Breath analysis includes gaseous phase analysis that measures VOCs using electronic noses, exhaled nitric oxide, and exhaled breath condensate (EBC). Metabolic illnesses alter the body’s chemistry either by changing the VOCs concentration or by producing new VOCs that have a high vapor pressure under ordinary room-temperature conditions. As a consequence these newly produced VOCs emerge from the diseased cell or tissue area and are identified in exhaled air. Although breath samples of a healthy population contains approximately 3000 variable VOCs, their spectrum varies amongst different individuals, and only few of them share a common health condition in a given population. Once identified VOCs are correlated to a specific biochemical origin and distinct pathophysiological causes. Interestingly, VOCs are sub-classified as endogenous which constitute the majority, while some are exogenous VOCs that reveal exposure of an individual to carcinogens.

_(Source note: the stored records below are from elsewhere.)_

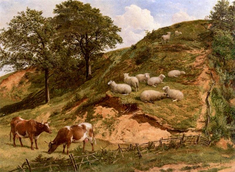 Das Gemälde "On a Kentish Hillside" von Thomas Sidney Cooper als hochwertige, handgemalte Ölgemälde-Replikation.
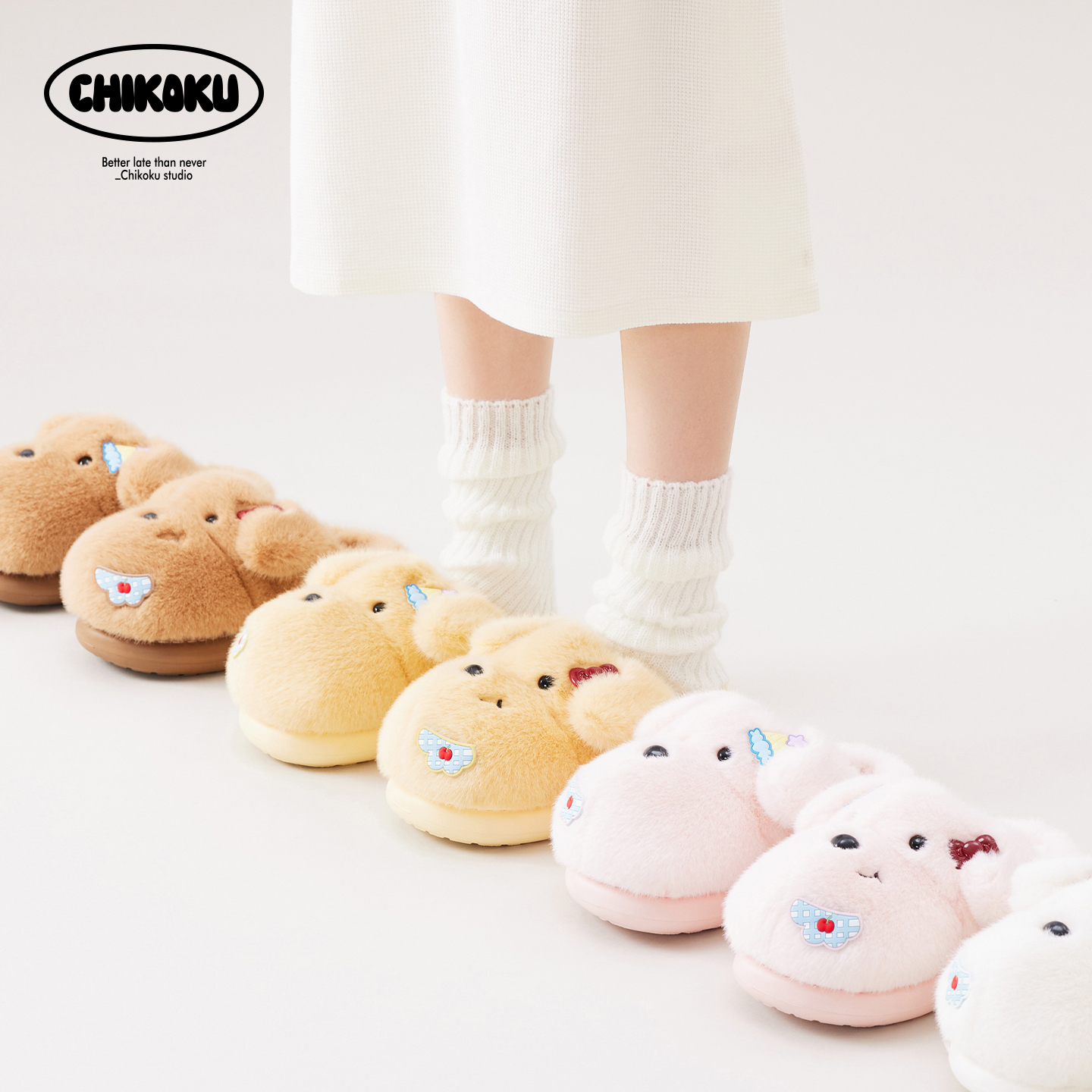 情侣居家室内棉拖 加绒保暖月子鞋 chikoku可爱小狗棉拖鞋 女冬新款
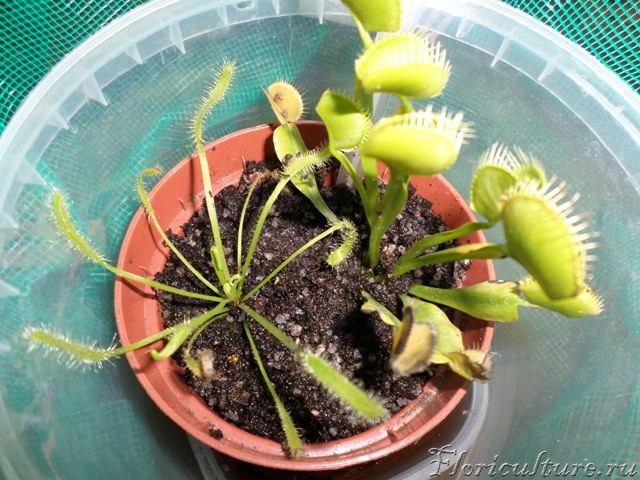 меня больше интересовало можно ли мухоловку и росянку вместе, нигде не могу найти информацию
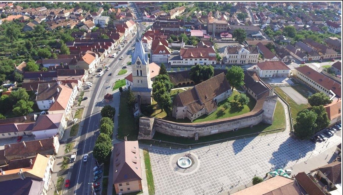 Biserica fortificată se află în centrul localităţii. |
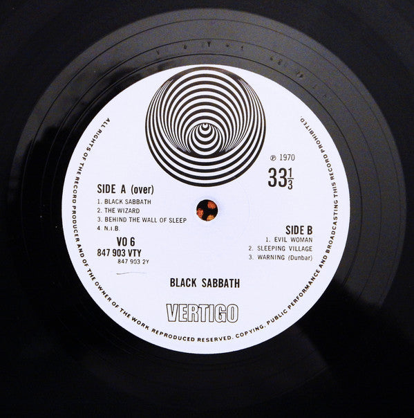 A1. Black Sabbath 6:22 A2. The Wizard 4:25 A3. Behind The Wall Of Sleep 3:37 A4. N.I.B. 6:07 B1. Evil Woman, Don't Play Your Games With Me 3:27 B2. Sleeping Village 3:46 B3. Warning 10:33
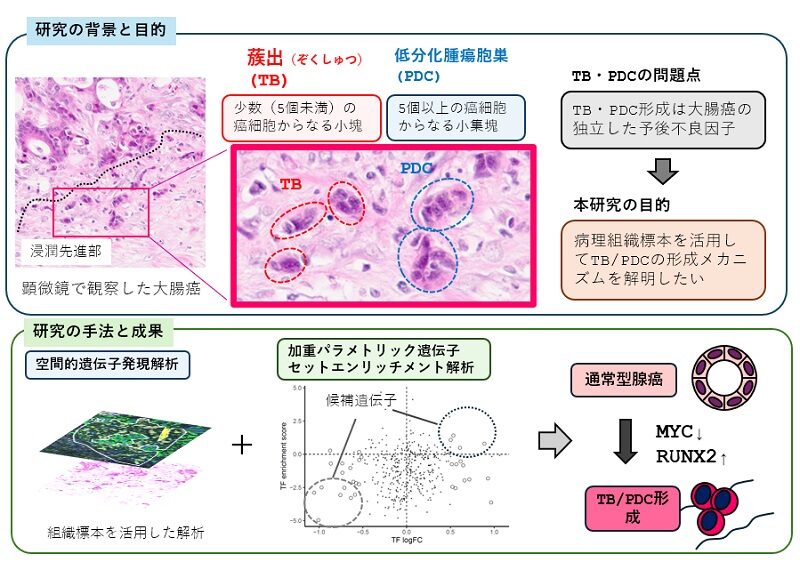 本研究の成果は、大腸癌が浸潤する際に、MYCの低下とRUNX2の上昇という転写制御の変化によってTB/PDCという形態を示しながら浸潤能力を獲得する仕組みが働いている可能性を示したものです。これらの知見は、大腸がんの進展メカニズムの理解を深めるとともに、将来的な治療標的の開発につながることが期待されます。
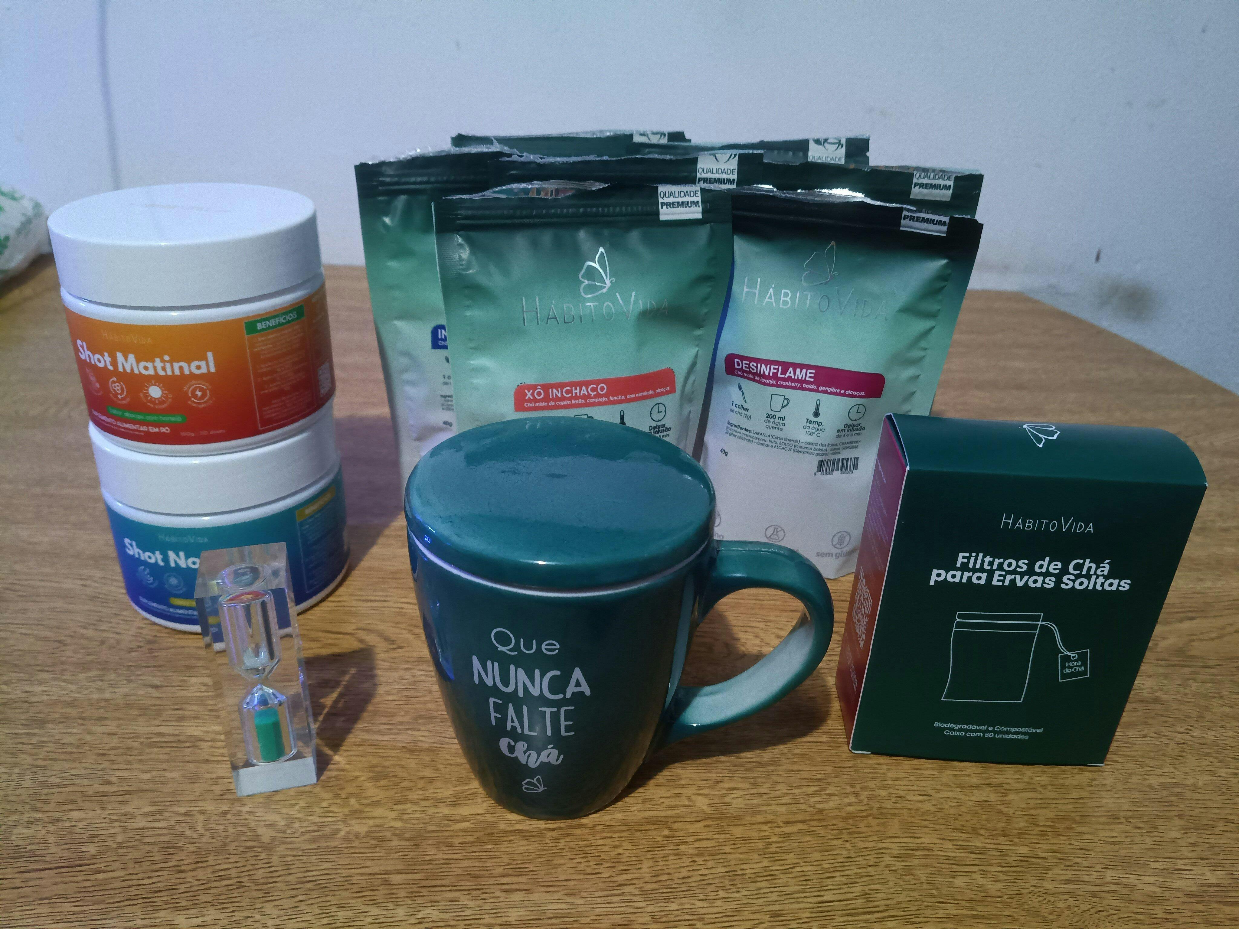 Fiz a compra chegaram muito bem embalados e perfeitos os chás são maravilhosos, estou apaixonada na minha caneca e os shots tanto o matinal e o noturno são maravilhosos
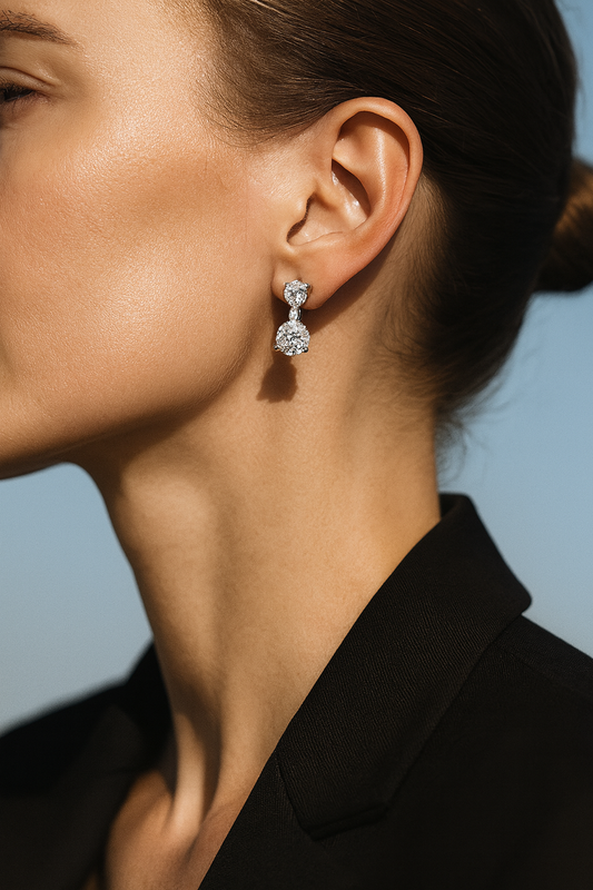 3 Carat Double Drop Earrings with Round-Cut Diamonds
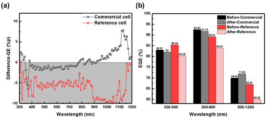 Assuming that there is no change in the reflectance of the sample due to the LeTID environment, it is reasonable to think that the trends of external quantum efficiency (EQE) and internal quantum efficiency (IQE) are the same. Only EQE measurement can quantify the photo-generated carrier concentration and collection probability without reflectance measurement. Figure 3a measures how the EQE value of each cell changes before and after LeTID. Positive numbers on the y-axis indicate an increase, and negative numbers indicate a decrease. The commercial cell shows a slight decrease in the short and medium wavelength ranges but a significant increase in the long wavelength range. The reference cell shows a decrease in almost all wavelengths, and the difference from the commercial cell is clearly shown in the long wavelength range, especially. Figure 3b shows the change in the average value by wavelength. The commercial cell showed a decrease of 1.07%p in the short wavelength band and about 0.67%p in the medium wavelength band, but a 2%p increase was observed in the long wavelength band. Unlike the commercial cell, the reference cell showed a large decrease of 7%p in the wavelength range of 800–1200 nm due to the large loss at 900–1100 nm. This is similar to the results seen in previous literature [20]. Therefore, we will try to check the difference on the front surface, which is a short wavelength. Interestingly, the decrease in Jsc occurred in the commercial cell in Figure 2 but not in the QE results. Of course, since the I-V is an in-situ result, it was continuously measured at 85 °C, so the defects shown in LeTID may have a greater effect at 85 °C. Therefore, for a more detailed analysis, the measurements were made while applying a bias to the QE.
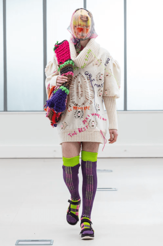Today, I see knitting as a creative tool to build my own world. I have no interest in just knitting a gray sweater – sure, I could do that, but it doesn’t excite me. I love using knitwear as a medium for my ideas. It’s an expression of my creativity, and I think that’s exactly what keeps me so connected to it and drives me.“
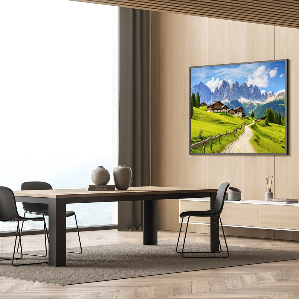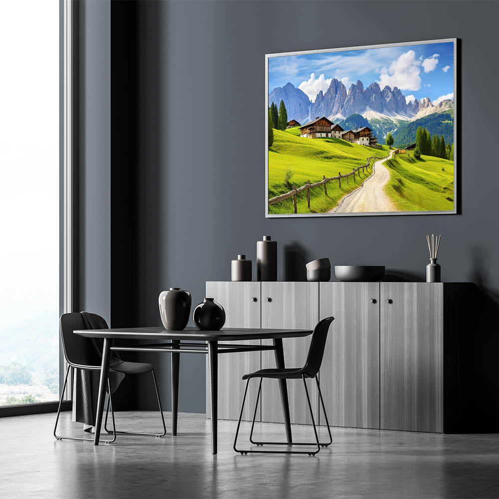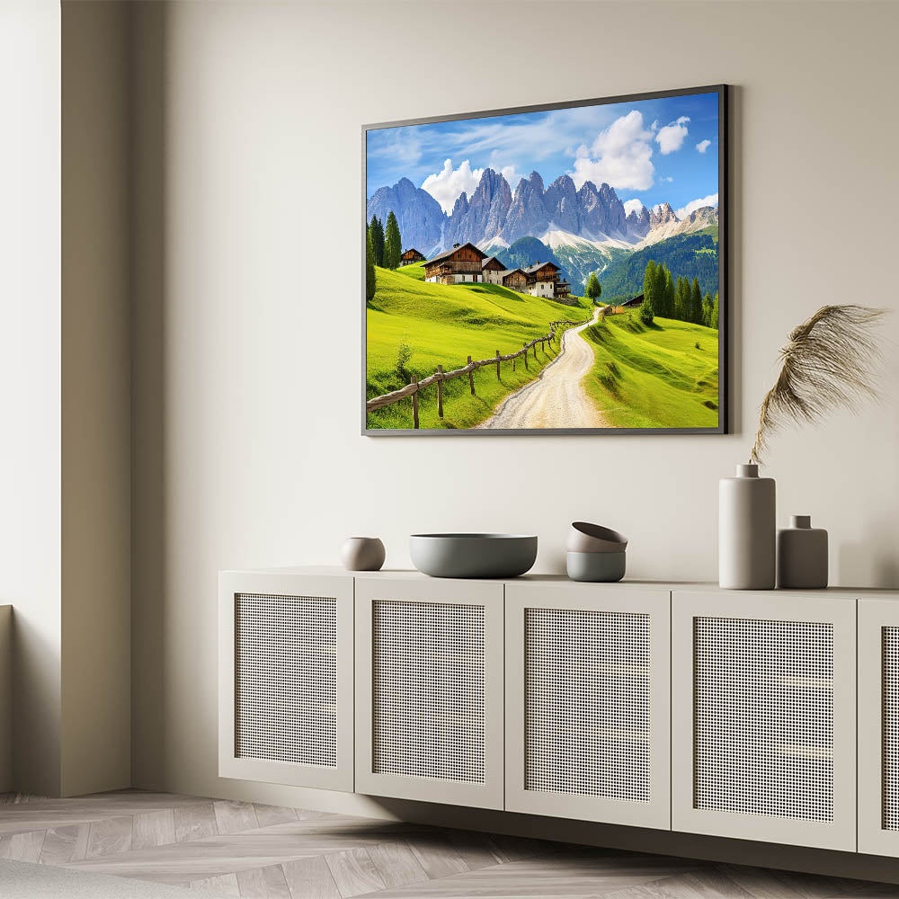 - Vivid Colors: The lush green fields, clear blue sky, and detailed mountain scenery make this artwork a striking addition to any room.
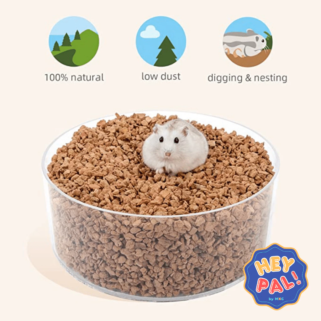 Light, absorbent, and safe, soft cork bedding keeps your hamster’s cage clean and cozy. Perfect for burrowing, nesting, and creating a comfortable, healthy habitat for your floof.
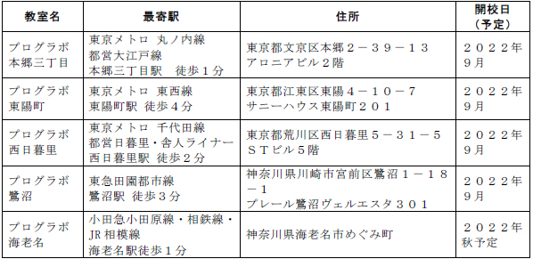今回新たに開校する「プログラボ 本郷三丁目」、「プログラボ 東陽町」、「プログラボ 西日暮里」、「プログラボ 鷺沼」、「プログラボ 海老名」の詳細は別紙のとおりです。
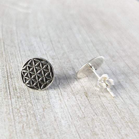 Flower of Life Stud Earrings in Sterling Silver
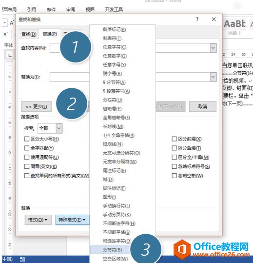 按Ctrl+H打开替换窗口,首先将光标放置于查找内容处。(下图 1 处),然后点击“更多”(下图 2 处,点开后变成“更少”),然后选中“特殊格式”中找到底部的“分节符”。(下图 3 处)
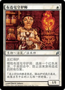 | Rules | Protection from red Sacrifice Burrenton Forge-Tender: Prevent all damage a red source of your choice would deal this turn. |
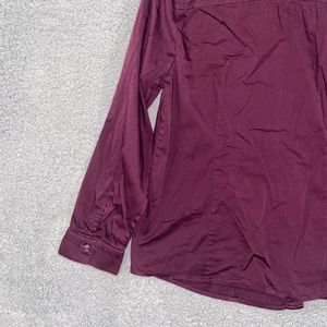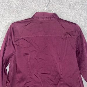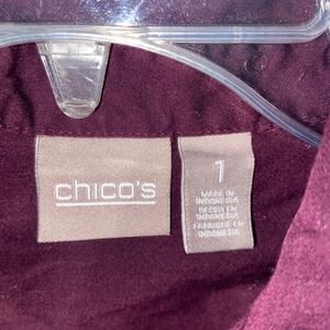 Chico's Button Up Top Womens 1 Burgundy Casual Collared Long Sleeve Cutout
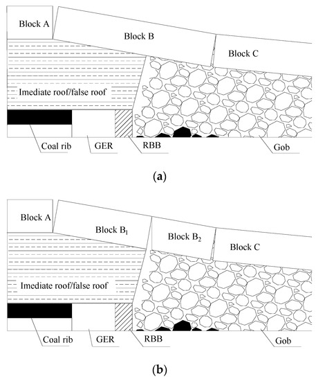 Figure 6. Movement rule and fracture characteristics of Block B during the GER stage. (a) Soft roof fracture state; (b) Hard roof fracture stage. - (2)
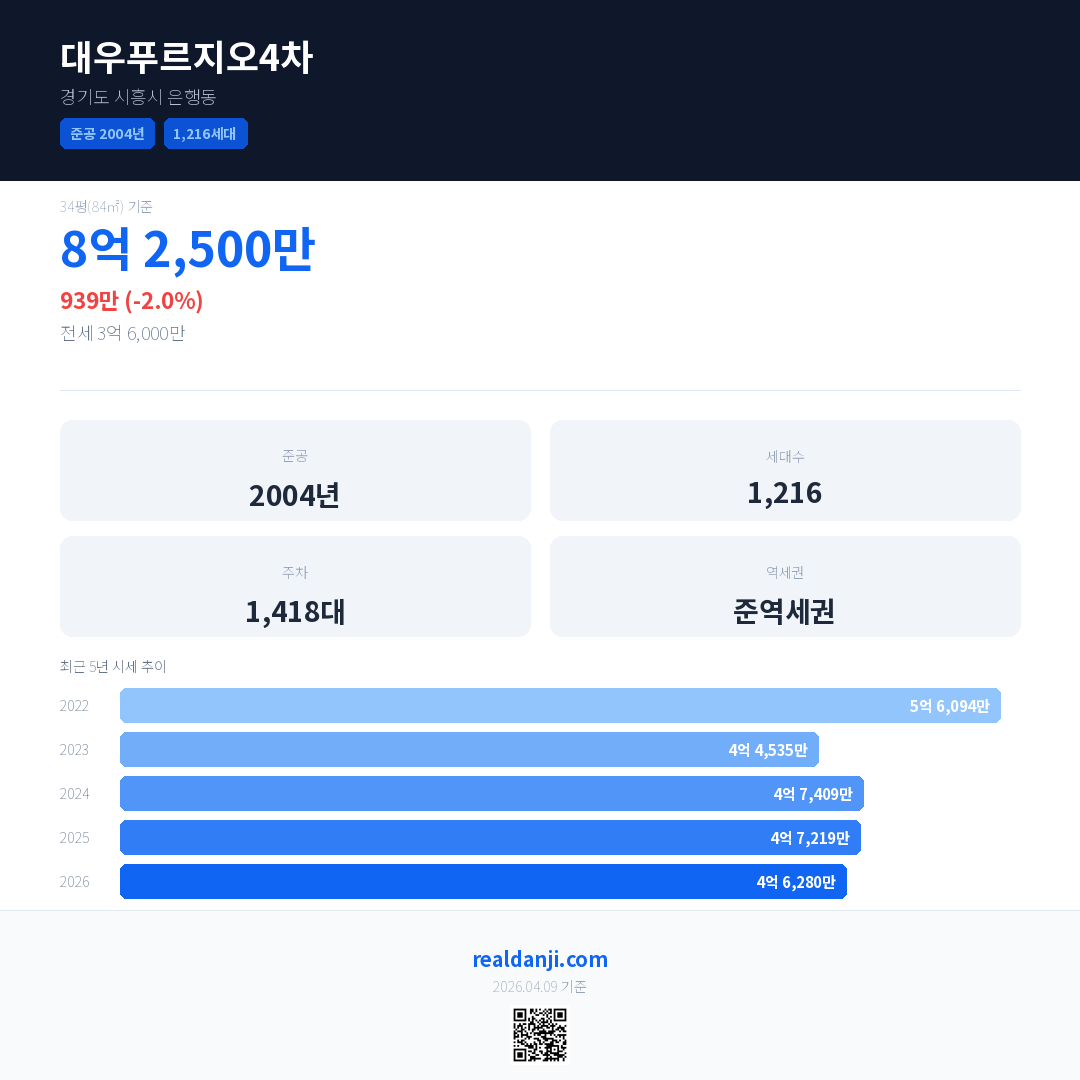 대우푸르지오4차 국민평형 기준 2026년 평균 거래가는 4억 6,280만으로, 전년 대비 2.0% 하락 했습니다.
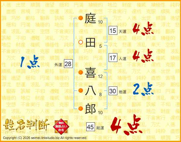 庭田喜八郎さんの総運は45画の4点!

The emergence of these breath analyzers has paved way for a rapid, non-invasive and economically feasible method to detect cancer early in its course. Compared to the practice of blood sampling, VOCs are quickly released into the air, increasing the probability of their loss while at the same time causing contamination from VOCs in the air. Moreover, measuring VOCs in gaseous samples is convenient because other compounds do not interfere. Furthermore, breath analyzers are also permitted and safe to use during sleep and for the purpose of continuous sampling as compared to blood tests. The concentration and types of VOCs being synthesized can be used to follow the response to treatment in cases where treatment modalities need to be altered and to determine a fairly justifiable prognosis. Therefore, this rapid method establishes a profound basis to diagnose cancer and begin early treatment. Treatment on the correct time will eventually reduce the financial costs as well as the emotional burden which comes as an additional debt for warriors against cancer.